Records to process:
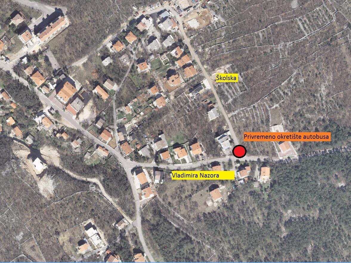 Zbog radova na izgradnji infrastrukture u Jadranovu, u ulici Vladimira Nazora, autobusno okretište City Busa, do sada locirano ispred osnovne škole, privremeno se premješta.
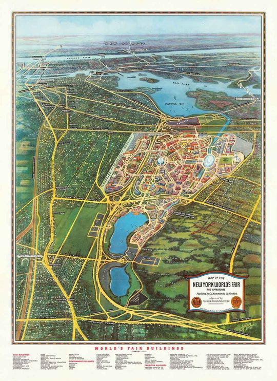 Exposition universelle de New York, 1939 par Spofford: Ancienne carte illustrée de Manhattan, New Jersey, métro, chemin de fer, Flushing Meadows
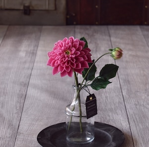 一輪挿しのフラワーベースはガラス製のシンプルなデザインで、ボリュームのあるダリアの可愛らしさを引き立ててくれます。
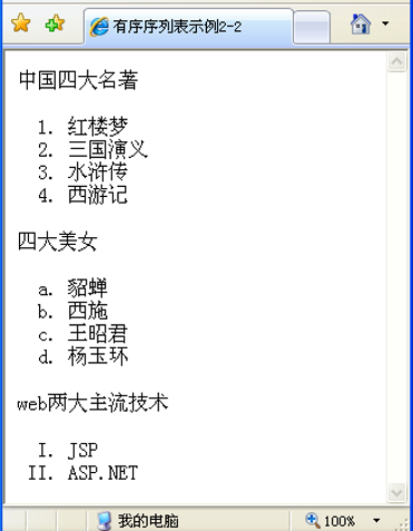 - 用于说明页面中的某些成分,需要按特定的顺序排列。有序列表的每项都有连续的编号。
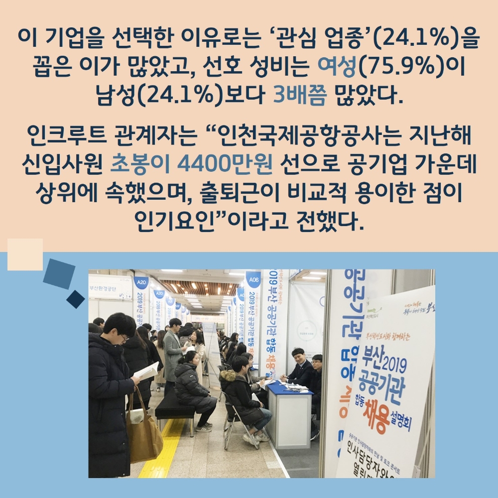 이 기업을 선택한 이유로는 ‘관심 업종’(24.1%)을 꼽은 이가 많았고, 선호 성비는 여성(75.9%)이 남성(24.1%)보다 3배쯤 많았다. 인크루트 관계자는 “인천국제공항공사의 지난해 신입사원 초봉은 4400만원 선으로 공기업 중에서도 상위에 속하는 데다, 수도권에 위치해 다른 공공기관보다 출퇴근이 비교적 용이한 점이 인기 요인”이라고 전했다.

Exercise instructions: Your copy should hold exactly the lines from the one with "- 用于说明页面中的某些成分" through the final line of the records, both ends included, and no pictures.

Answer to this exercise:
 - 用于说明页面中的某些成分,需要按特定的顺序排列。有序列表的每项都有连续的编号。
 이 기업을 선택한 이유로는 ‘관심 업종’(24.1%)을 꼽은 이가 많았고, 선호 성비는 여성(75.9%)이 남성(24.1%)보다 3배쯤 많았다. 인크루트 관계자는 “인천국제공항공사의 지난해 신입사원 초봉은 4400만원 선으로 공기업 중에서도 상위에 속하는 데다, 수도권에 위치해 다른 공공기관보다 출퇴근이 비교적 용이한 점이 인기 요인”이라고 전했다.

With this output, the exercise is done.